No, it is not an independent clause. In fact, it isn't even a full clause:
Or our ability to differentiate the useful information from the mistruths.
There is no main verb in this phrase. It's just our ability to do something. This is a nominal phrase, not a clause or a sentence.
There is another issue: the use of or there makes the sentence more complicated, and I would consider it inadvisable. And should have been used, and even and than after a comma. The comma is optional: it is probably frowned upon by some, but it certainly make the sentence easier to read. (Without the comma, remove than.)
The amount of information was increasing much more rapidly than our understanding of what to do with it, and than our ability to differentiate the useful information from the mistruths.
The reason is that the information was increasing more rapidly than our understanding what to do, and it was increasing more rapidly than our ability to differentiate: that's what you get when you fill in the ellipsis. It is both-and, not either-or.

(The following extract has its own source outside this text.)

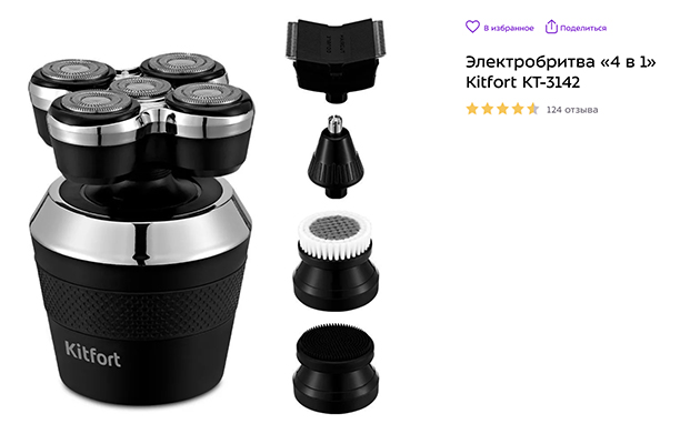 Электробритва российского производителя Kitfort отличается большим ассортиментом аксессуаров. Роторная насадка имеет четыре плавающие головки. Комплект также содержит: триммер для бороды и усов шириной 39 мм, куда крепятся насадки различной длины (3, 6, 9, 12, 15 мм), одна для стрижки у ушей, насадка для удаления волос в носу и ушах, две щетки для массажа лица (силиконовая и ворсистая), а также щетка для чистки лезвий, масло, расческа и USB-шнур длиной 0,5 м.

The reason that or was used is here is probably that than suggest an implicit negation: after all, the thing you compare it to ("our understanding") is not increasing more rapidly than the thing compared ("the amount of information"). In older French, a negation would be used after than in the same kind of comparison, as in: "this house is larger than that house isn't". Of course we do not do this in English, but the mental inclination is there. And in negative sentences with as, you woulduse or:
This house is not as large as your house or my house.